# Interviews



## Charc (Sep 18, 2007)

Sorry guys for another work related thread, but this one is semi-unique! (At least my search result only returned interview threads pertaining to portfolios and college review boards.)

So, as some of you might know I have the month of January off of school to intern somewhere. I prepped my résumé (but now I get to add the line: "Student Head of Technical Theatre '07-'08" ), and sent out an email to my top choice. (I had thought about trying my hand at concert lighting, but ended up going back to theatre.) I got a response a couple hours ago, and it looks good! However, I will have to go in to interview for the position. Though I've help a variety of position, I've never actually interviewed for one before. So I'm new to the whole interview game.

I'm curious if a tech theatre interview is any different? What sort of questions should I expect? I'm worried I'll get hit with a question out of the blue. I'm also not really sure what the general guidelines are for an interview. I believe I've heard "dress more than the interviewer"? So in that case, I'd presume jeans and a polo aren't acceptable? I also plan to bring a printed copy of my résumé. (Maybe an extra one or two incase I loose the first one on the way...? Haha, I guess I'm over-thinking it, I just don't want to be unprepared.) Does anyone have any thoughts on this subject? From an employers point of view, what are they looking for? What's the protocol of an interview. Technical questions? Considering I'm a high school student, is there any other concern I should be aware about? My impression of this interview is that she wants to get a sense of who I am, how I come across, before she locks herself in for a month. Thoughts?

~Thanks, Charlie


----------



## Chaos is Born (Sep 18, 2007)

It would help us a bit if you let us know what position you are interviewing for. That way any questions that are commonly related to a specific area can be relayed.


----------



## gafftaper (Sep 18, 2007)

Yeah what he said. 

In General...
Put on the most professional looking thing you've got. It's disrespectful to the person or people doing the interview to not dress up... even if you know the interviewer usually dresses like Van. Do you have any pictures you could put together to be a portfolio of your work? If you do that would be a great idea. Make several copies of everything as you may find 3 people in the room when you get there. 
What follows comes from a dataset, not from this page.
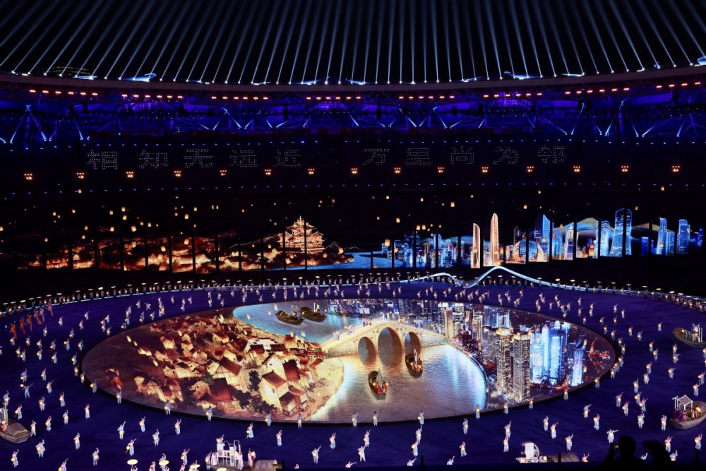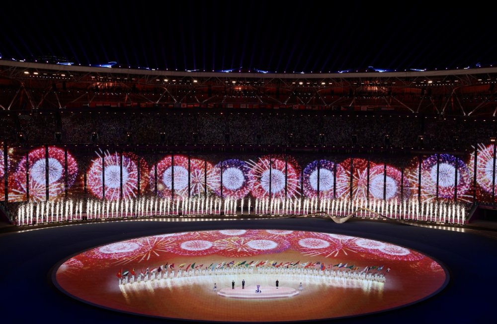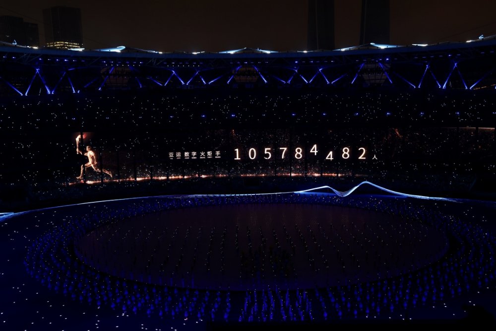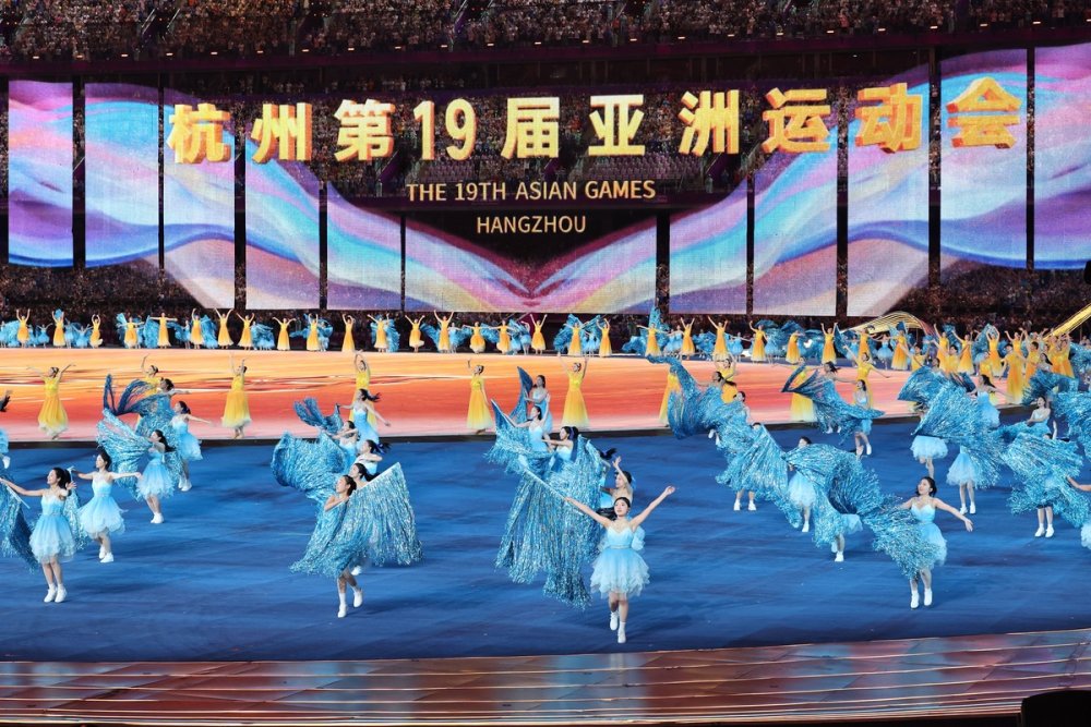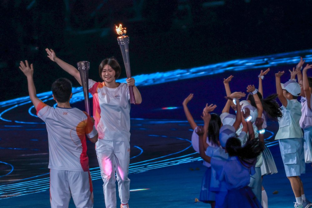 The national flag of the People's Republic of China is raised at the 19th Asian Games opening ceremony in Hangzhou on Saturday. [Photo/Xinhua]Photo taken on Sept 23 is the performance of the 19th Asian Games opening ceremony in Hangzhou on Saturday. [Photo/Xinhua]Artists perform during the opening ceremony of the 19th Asian Games in Hangzhou, East China's Zhejiang province on Saturday. [Photo by Feng Yongbin/China Daily]Artists perform during the opening ceremony of the 19th Asian Games in Hangzhou, East China's Zhejiang province on Saturday. [Photo/Xinhua]Photo taken on Sept 23 is the Hangzhou Olympic Sports Centre Stadium. [Photo/Xinhua]Photo taken on Sept 23 is the Hangzhou Olympic Sports Centre Stadium. [Photo/Xinhua]Photo taken on Sept 23 is the Hangzhou Olympic Sports Centre Stadium. [Photo/Xinhua]Photo taken on Sept 23 is the Hangzhou Olympic Sports Centre Stadium. [Photo/Xinhua]Torchbearers Xu Mengtao (right) and Fan Zhendong participate in the torch relay at the 19th Asian Games opening ceremony in Hangzhou on Sept 23, 2023. [Photo by Zhang Wei/China Daily]Torchbearers Ye Shiwen (right) and Fan Zhendong participate in the torch relay at the 19th Asian Games opening ceremony in Hangzhou on Sept 23, 2023. [Photo by Zhuang Zhenbang/China Daily]A digital torchbearer plays a role in igniting the Asian Games cauldron at the 19th Asian Games opening ceremony in Hangzhou on Sept 23, 2023. [Photo by Wei Xiaohao/China Daily]The final torchbearers Wang Shun and the digital torchbearer light the main torch at the 19th Asian Games opening ceremony in Hangzhou on Sept 23, 2023. [Photo by Gao Erqiang/China Daily]Artists perform during the 19th Asian Games opening ceremony in Hangzhou on Sept 23, 2023. [Photo by Zhuang Zhenbang/China Daily]Artists perform during the 19th Asian Games opening ceremony in Hangzhou on Sept 23, 2023. [Photo by Wei Xiaohao/China Daily]Artists perform during the 19th Asian Games opening ceremony in Hangzhou on Sept 23, 2023. [Photo by Wei Xiaohao/China Daily]Electronic fireworks light up the 19th Asian Games opening ceremony in Hangzhou on Sept 23, 2023. [Photo by Wei Xiaohao/China Daily]

I would work hard on coming up with 2 or three good questions to ask the interviewer. Every interview always ends with "Do you have any questions for us?" A few well thought out questions show your interest about the position, that you care about this job over other opportunities you might have, it shows you are trying to invest something into the interview instead of just going through the motions. 

If you get a weird question out of the blue, don't panic. Stop take a breath and think. Too often people try to answer the question as soon as possible without thinking about what they are saying. Take your time and think about what you are going to say. It's ok to say, Let me think about that a moment... don't take more than about 10 seconds as it's going to get uncomfortably quite quick, but don't be afraid to stop and think. It's better to come off as deliberate and thoughtful than it is to be considered bold and confused. 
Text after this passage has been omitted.